V11-07: Robotic Partial Nephrectomy in a Pelvic Kidney Mass: Surmounting Anatomic Challenges
VideoIntroductions and Objectives
Surgical management of renal tumors arising in ectopic kidneys are often complicated by the presence of supernumerary arteries and veins. In our case, we present our experience with a 59-year-old male, who had an incidental finding of a left pelvic kidney and underwent a robot-assisted partial nephrectomy to excise an upper pole, posterior located renal mass with 5 renal arteries.
The patient presented with abdominal pain and on CT was found to have a 2 cm solid renal mass in a left pelvic kidney. He was counseled on the options of partial nephrectomy, ablative therapies, and surveillance, and opted for a robotic partial nephrectomy. Trocars were placed in an inverted U-shaped configuration similar to a robotic prostatectomy setup. The patient was noted to have multiple anomalous vessels: a large artery emanating from the aortic bifurcation, two additional arteries stemming from this large artery, a 4th artery off the left common iliac, and a 5th artery off the retroperitoneum.
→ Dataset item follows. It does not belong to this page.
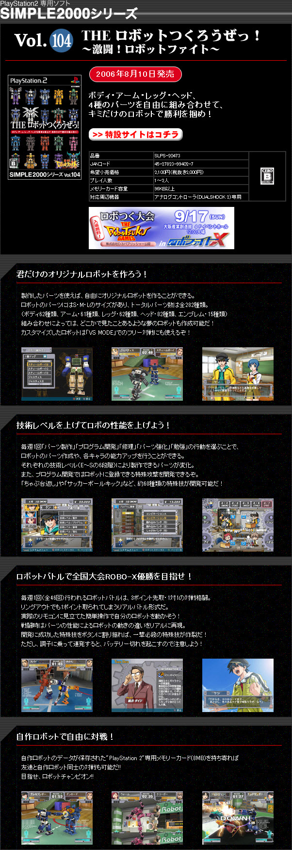 簡單2000系列第104集-製作機器人(日)Simple 2000 Series Vol.104-The Robot Tsukurouze Gekitou Robot Fight(SLPS20473)

The mass was identified at the superior aspect of the kidney and skeletonized. Because the kidney was attached to the retroperitoneum by the 5th posterior artery, we were unable to rotate the kidney to gain better exposure of the mass. Laparoscopic ultrasonography was used to delineate the tumor margins. 12.5 g of mannitol were administered intravenously and arteries supplying the upper pole of the kidney were selectively occluded using laparascopic bulldog clamps. The 4th and 5th arteries were left unclamped to allow perfusion to the lower pole of the kidney. The mass was excised with visually clean margins and the defect closed in a two-layered fashion. After completion of the renorrhaphy, the bulldog clamps were removed with excellent pulsations noted in all arteries as well as perfusion to the upper pole of the kidney.
Total OR time was 4.5 hours, with an EBL of 50 mL and selective upper pole warm ischemia time at 27 minutes. The patient’s length of stay was 3 days. There were no intraoperative complications. His preoperative creatinine was 0.9 (eGFR 89) and was the same at discharge. At 6 months follow up, his creatinine was 1.0 (eGFR 76). Surgical pathology revealed a 2.2 cm grade 3 papillary renal cell carcinoma, with a 2 mm negative margin.
We believe that robotic partial nephrectomy is an ideal technique for excising tumors arising within an ectopic kidney, due to the superior visualization and ergonomic advantages offered by the wristed instrumentation. In our case, this technique allowed for successful resection of the tumor despite its challenging location and complex vasculature.